● **Requirement**: Return every line from the one with "A woman weeps" through the one with "[Umeloeo] レディース 手袋", inclusive, exactly as it appears below.

Top of Record extracts

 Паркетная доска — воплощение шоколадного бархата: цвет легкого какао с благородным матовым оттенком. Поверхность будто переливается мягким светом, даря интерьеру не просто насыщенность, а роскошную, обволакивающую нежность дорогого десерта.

Bottom of Record extracts
Top of Record extracts

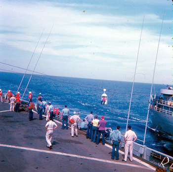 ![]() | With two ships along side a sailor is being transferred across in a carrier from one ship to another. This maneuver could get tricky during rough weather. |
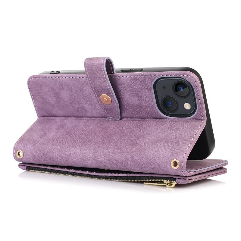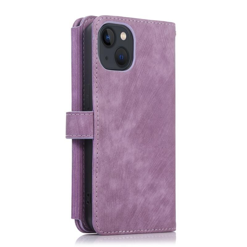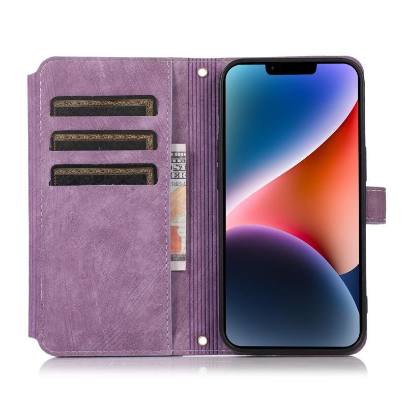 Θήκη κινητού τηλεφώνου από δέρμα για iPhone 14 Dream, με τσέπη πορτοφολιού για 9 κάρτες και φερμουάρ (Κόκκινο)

Bottom of Record extracts
Top of Record extracts

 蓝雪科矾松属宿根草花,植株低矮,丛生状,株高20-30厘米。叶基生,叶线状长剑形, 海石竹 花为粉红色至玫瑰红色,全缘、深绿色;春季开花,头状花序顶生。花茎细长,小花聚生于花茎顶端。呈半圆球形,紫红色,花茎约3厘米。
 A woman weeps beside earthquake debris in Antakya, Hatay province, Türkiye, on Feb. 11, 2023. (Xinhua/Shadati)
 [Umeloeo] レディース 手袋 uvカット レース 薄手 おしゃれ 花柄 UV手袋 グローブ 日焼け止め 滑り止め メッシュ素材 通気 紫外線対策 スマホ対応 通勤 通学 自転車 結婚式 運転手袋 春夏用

Bottom of Record extracts

● **Answer for the task**:
 A woman weeps beside earthquake debris in Antakya, Hatay province, Türkiye, on Feb. 11, 2023. (Xinhua/Shadati)
 [Umeloeo] レディース 手袋 uvカット レース 薄手 おしゃれ 花柄 UV手袋 グローブ 日焼け止め 滑り止め メッシュ素材 通気 紫外線対策 スマホ対応 通勤 通学 自転車 結婚式 運転手袋 春夏用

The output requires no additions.